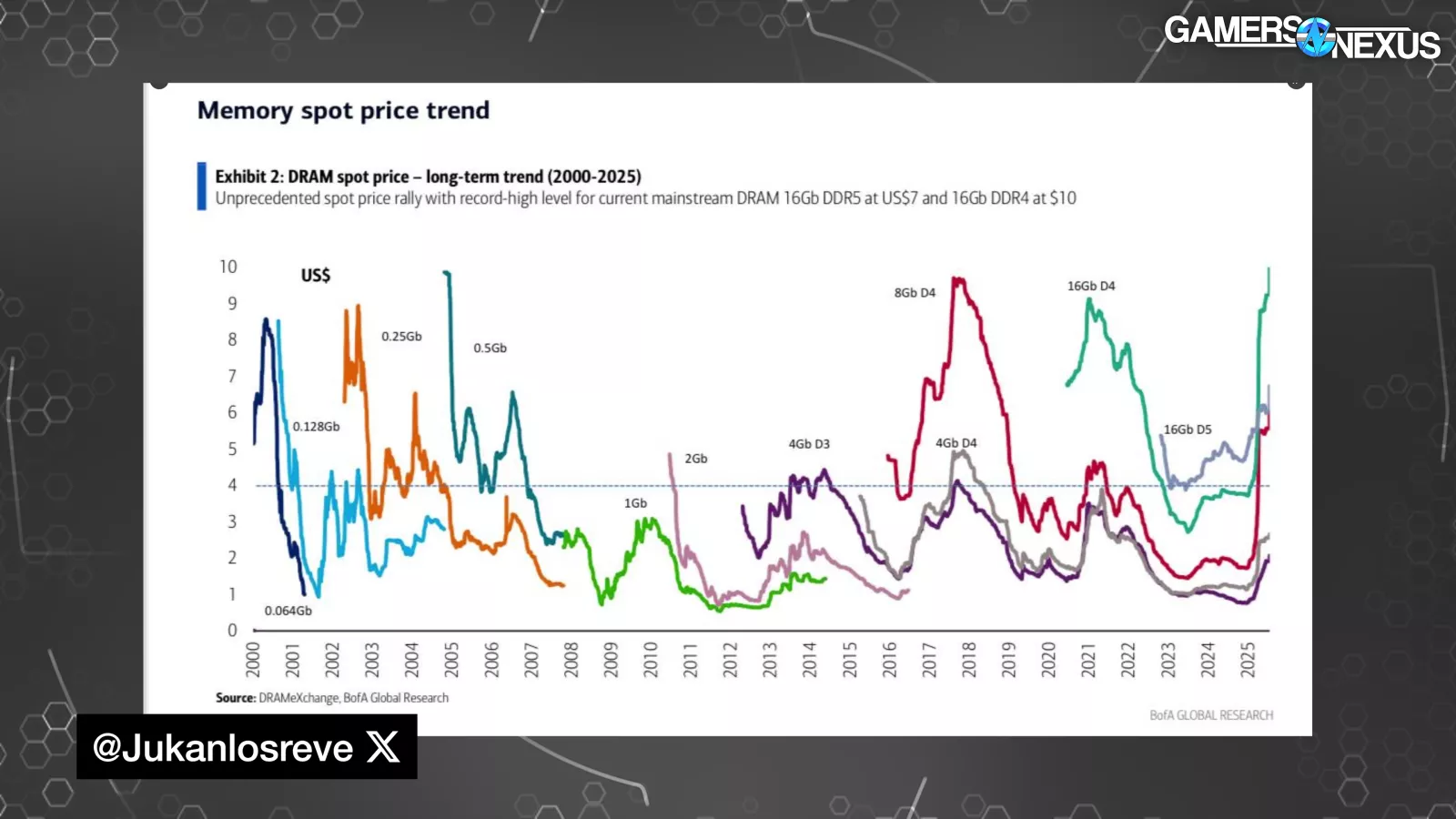 As seen in this “Long-Term Trend of DRAM Spot Prices (2000 - 2025)” graph found via Jukanlosreve on Twitter:
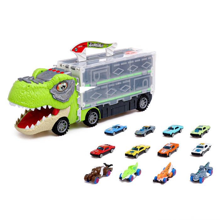 Автовоз-трек «Диногонки», 12 металлических машин, световые и звуковые эффекты
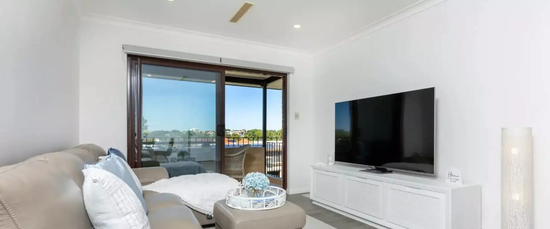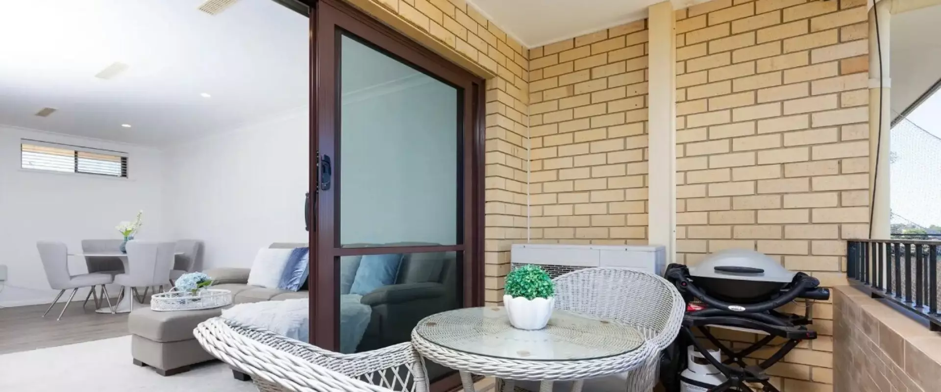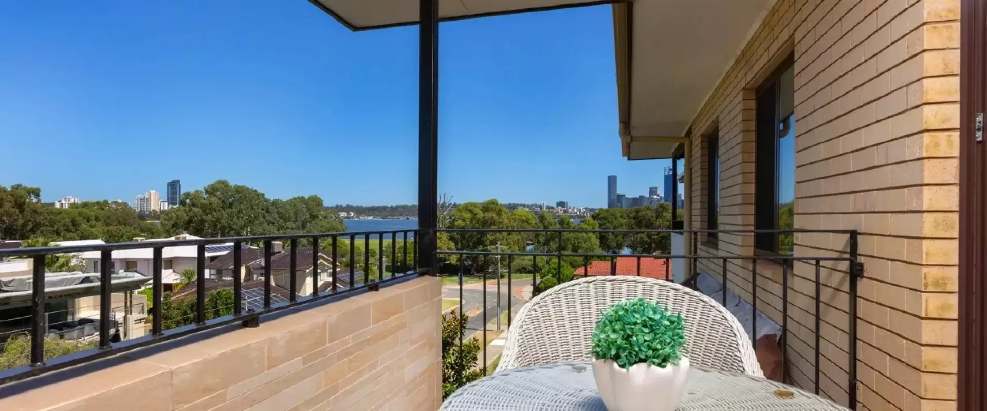 • Stone-tiled balcony with gorgeous views across to Hurlingham Lake and the Swan River.
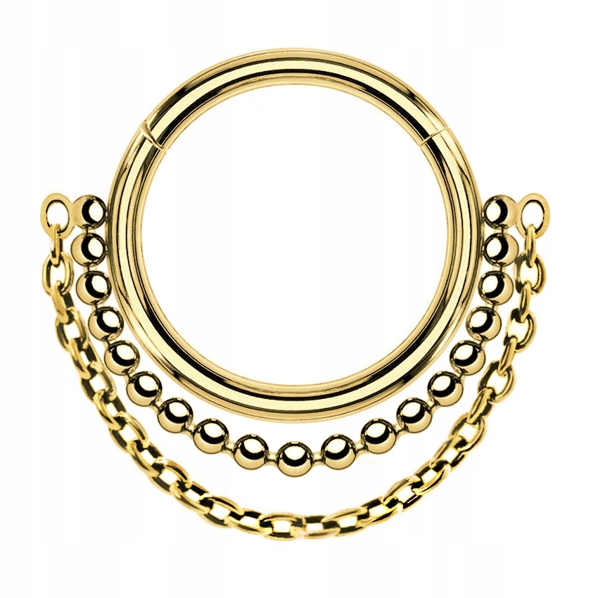 Коло титану з декоративним ланцюгом. Це унікальне пронизливе коло відрізняється делікатним ланцюгом, який тонко рухається з кожним рухом, додаючи прикраси виняткової динаміки та легкість. Ретельно виготовлений з titanium g23 , це коло поєднує довговічність з витонченістю, а прикраси у вигляді невеликих кульок і ланцюга створюють гармонійну композицію, яка привертає увагу. Ви можете носити їх у вушній пелюстці або перегородки , якщо вам подобаються виразні та оригінальні прикраси.
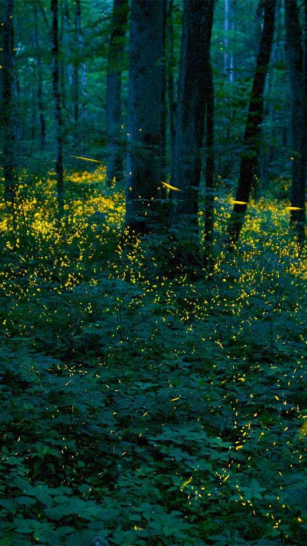 Every year between late May and mid-June, synchronous fireflies gather into a sparkling, rhythmic light show in the forests of Great Smoky Mountains National Park. As part of their two-week mating display, the female lightning bugs synchronize their flashes with nearby males so that every few seconds waves of light ripple through the woods. Of at least 19 species of fireflies that live in Great Smoky Mountains National Park, Photinus carolinus is the only species with synchronous light displays, but they can also be found in Allegheny National Forest in Pennsylvania and Congaree National Park in South Carolina. Other species of synchronous fireflies are particularly prevalent in Southeast Asia.
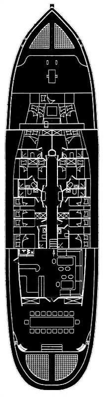 The cabin configurationhas allowed for two double cabins, two triple cabins and four twin cabins each with ensuites, air conditioning and a radio/CD player.
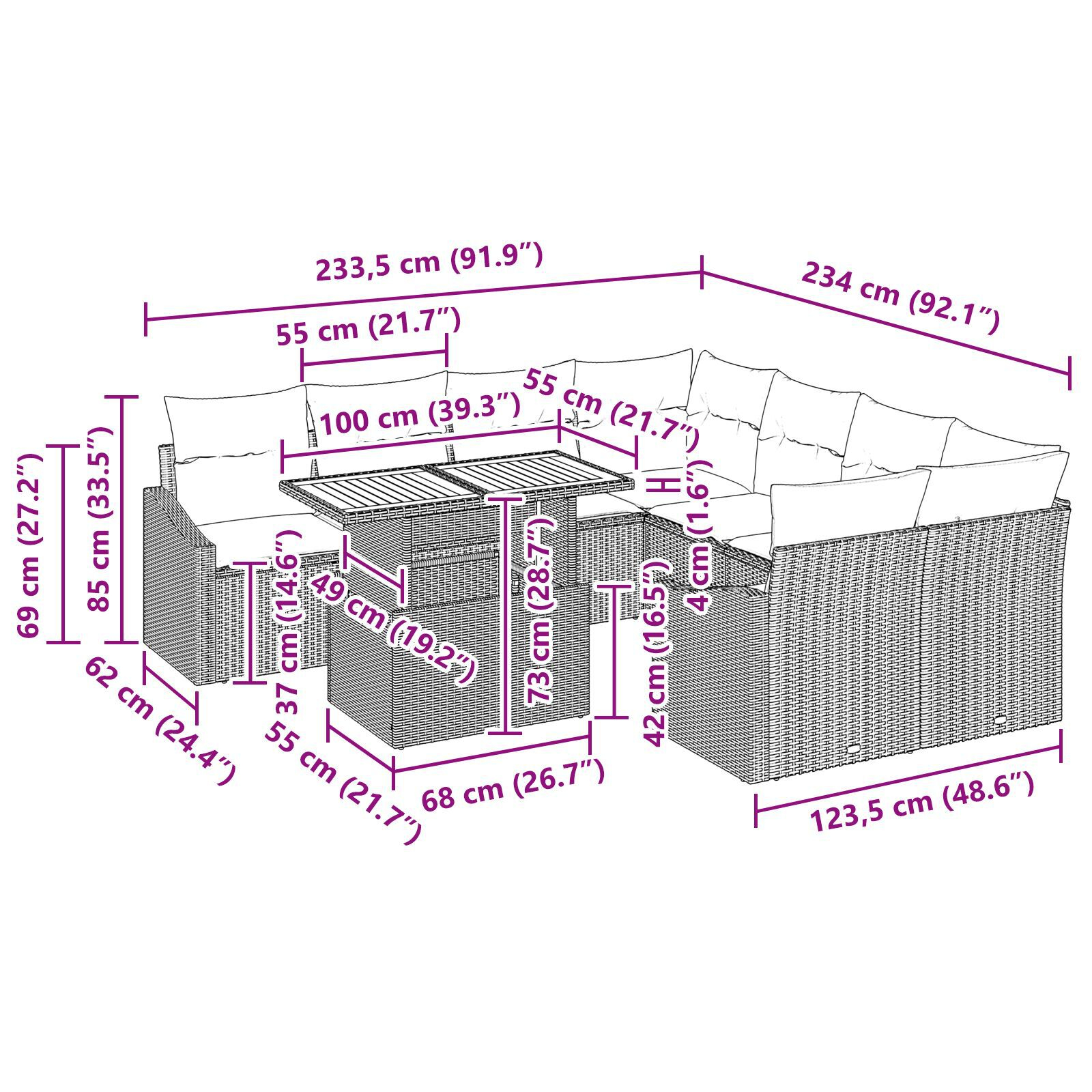 - Livrarea conține: 2 x Sofa cu brațe și stocare, 2 x loc de colț cu stocare, 4 x locuri centrale cu stocare, 1 x Masă de grădină
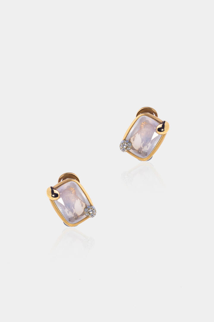 Coppia di orecchini, in oro giallo sabbiato, firmati "Pomellato", modello "Ritratto", a clip, con quarzo rosa sfaccettato e piccoli diamantini a decoro
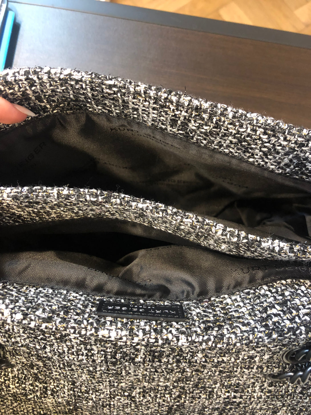 Kurt Geiger Monochrome Tweed Kensington Shoulder Bag
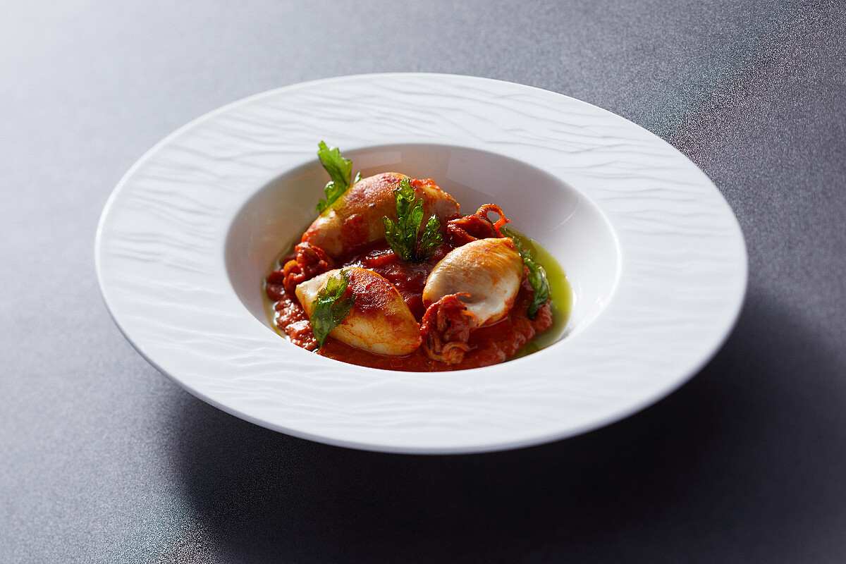 幾世紀前頻繁的移民文化,為法國帶入了異國文化料理的特色,當時移民至法國塞特港的義大利人,運用漁港當地盛產的魷魚製作義大利菜。如今選用含油脂量較多的梅花豬絞肉,塞入小卷內,煎至雙面黃金交脆,搭配番紅花與番茄醬料的傳統醬汁,以及源自於地中海西北區的大蒜蛋黃醬(aioli)。魷魚彈牙外皮與油質豐厚的豬肉餡的質感交錯,是一個將海洋與陸地風味充分交融的絕佳料理。

----------

_Task goal_
Could every entry above be printed again exactly, images excluded?

_Response to the exercise_
 As seen in this “Long-Term Trend of DRAM Spot Prices (2000 - 2025)” graph found via Jukanlosreve on Twitter:
 Автовоз-трек «Диногонки», 12 металлических машин, световые и звуковые эффекты
 • Stone-tiled balcony with gorgeous views across to Hurlingham Lake and the Swan River.
 Коло титану з декоративним ланцюгом. Це унікальне пронизливе коло відрізняється делікатним ланцюгом, який тонко рухається з кожним рухом, додаючи прикраси виняткової динаміки та легкість. Ретельно виготовлений з titanium g23 , це коло поєднує довговічність з витонченістю, а прикраси у вигляді невеликих кульок і ланцюга створюють гармонійну композицію, яка привертає увагу. Ви можете носити їх у вушній пелюстці або перегородки , якщо вам подобаються виразні та оригінальні прикраси.
 Every year between late May and mid-June, synchronous fireflies gather into a sparkling, rhythmic light show in the forests of Great Smoky Mountains National Park. As part of their two-week mating display, the female lightning bugs synchronize their flashes with nearby males so that every few seconds waves of light ripple through the woods. Of at least 19 species of fireflies that live in Great Smoky Mountains National Park, Photinus carolinus is the only species with synchronous light displays, but they can also be found in Allegheny National Forest in Pennsylvania and Congaree National Park in South Carolina. Other species of synchronous fireflies are particularly prevalent in Southeast Asia.
 The cabin configurationhas allowed for two double cabins, two triple cabins and four twin cabins each with ensuites, air conditioning and a radio/CD player.
 - Livrarea conține: 2 x Sofa cu brațe și stocare, 2 x loc de colț cu stocare, 4 x locuri centrale cu stocare, 1 x Masă de grădină
 Coppia di orecchini, in oro giallo sabbiato, firmati "Pomellato", modello "Ritratto", a clip, con quarzo rosa sfaccettato e piccoli diamantini a decoro
 Kurt Geiger Monochrome Tweed Kensington Shoulder Bag
 幾世紀前頻繁的移民文化,為法國帶入了異國文化料理的特色,當時移民至法國塞特港的義大利人,運用漁港當地盛產的魷魚製作義大利菜。如今選用含油脂量較多的梅花豬絞肉,塞入小卷內,煎至雙面黃金交脆,搭配番紅花與番茄醬料的傳統醬汁,以及源自於地中海西北區的大蒜蛋黃醬(aioli)。魷魚彈牙外皮與油質豐厚的豬肉餡的質感交錯,是一個將海洋與陸地風味充分交融的絕佳料理。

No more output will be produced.